----- EXTRACTED ENTRIES -----
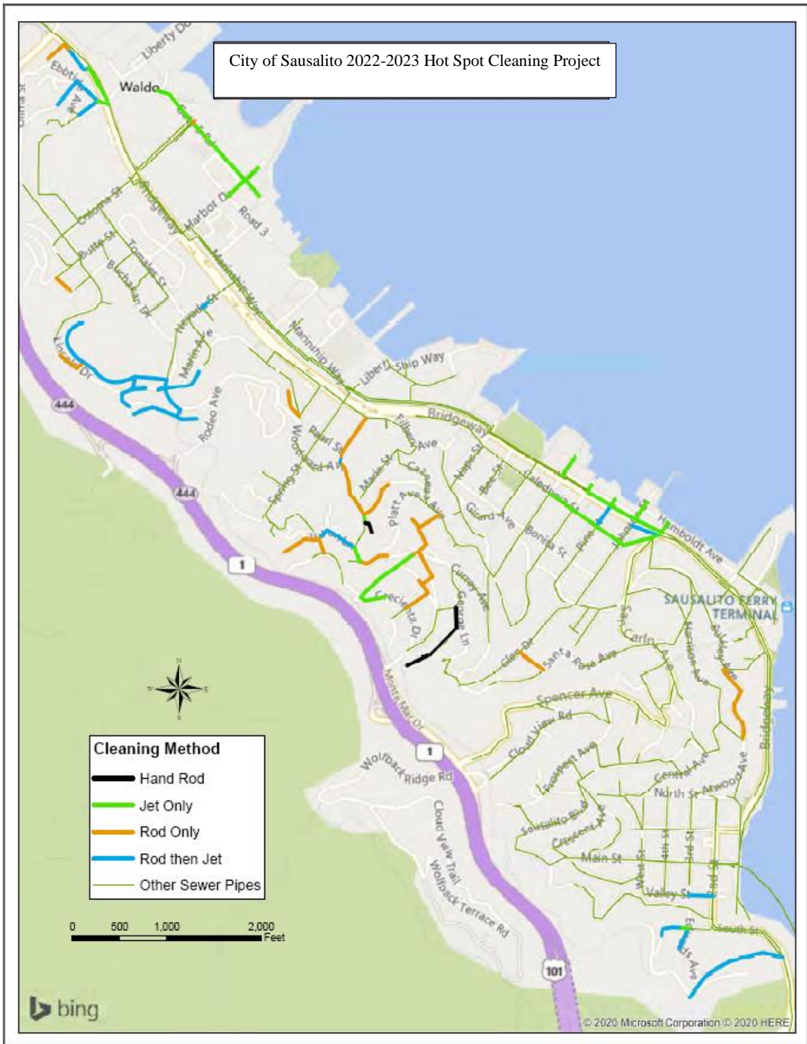
Figure 1 Page 1 of 4
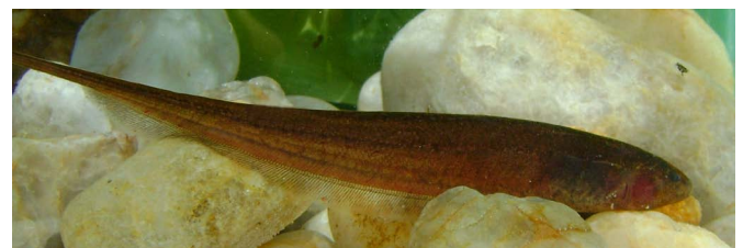
FIGURE 1. Picture of female Brachyhypopomus draco collected in a wetland area of the Lagoa do Peixe National Park, Rio Grande do Sul state, Brazil.

6 km east from the city of Mostardas in the Lagoa do Peixe National Park (LPNP) (Figure 2). Our current records extend 81 Km southeastern the previous known distribution of the species and also represent its first record in a national park located along the RS coastline (Figure 2). Individuals of B. draco were collected with a small seine net (1x1m of opening and with size mesh of 5 mm) altogether with several other species during a research field trip conducted by the Ichthyology Laboratory of the Rio Grande Federal University, FURG (SISBIO's license for field collection number 14443-1). Specimens were preserved in 10 % formalin and later identified at the Ichthyology Laboratory based primarily on Giora et al. (2008). Specimens examined were deposited at the Ichthyology Laboratory in the same university (catalogue number FURG2186).
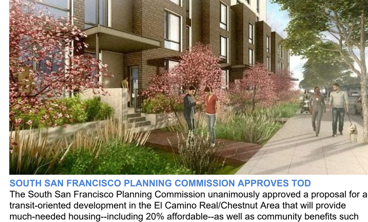
as childcare, parks, open space and a market hall. The city selected AGI Avant (now

services that support children's school readiness, literacy, workforce development, early childhood care and technology access. It's situated in Mandela Gateway, developed and owned by BRIDGE, where 168 affordable apartments are co-located with community-serving retail and commercial space. Read more
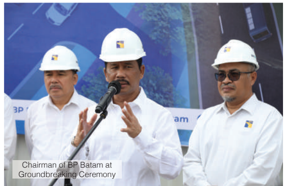
Chairman of BP Batam at Groundbreaking Ceremony
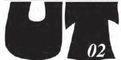
Underwater Technology 2002
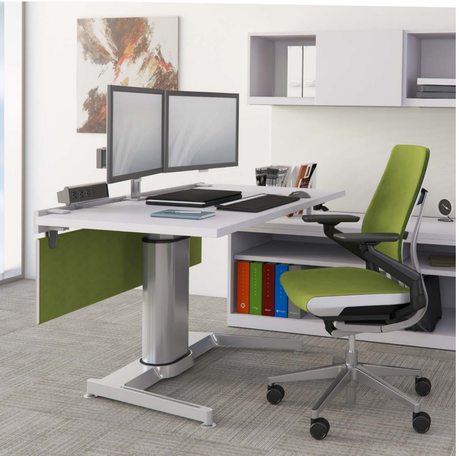
Airtouch collaborative height-adjustable tables
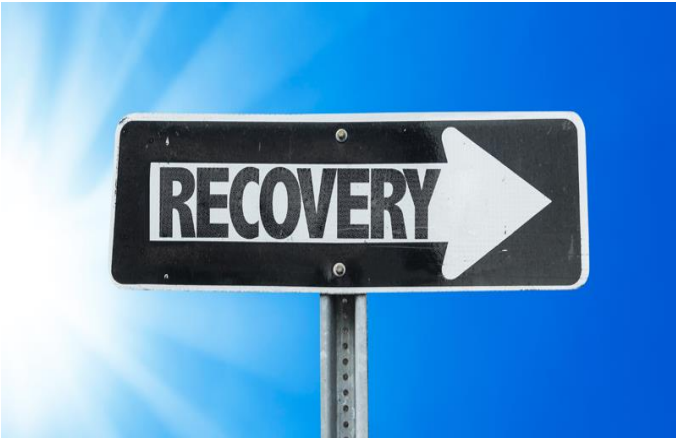
2020 to now
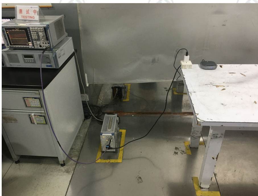
Radiated spurious emission Test Setup-2(CE)
-----
■ **WHAT IS EXPECTED**
Word for word and without pictures, please write out only the lines from the start of the entries through the line containing "FIGURE 1. Picture", both included.

■ **EXERCISE OUTPUT**
Figure 1 Page 1 of 4
FIGURE 1. Picture of female Brachyhypopomus draco collected in a wetland area of the Lagoa do Peixe National Park, Rio Grande do Sul state, Brazil.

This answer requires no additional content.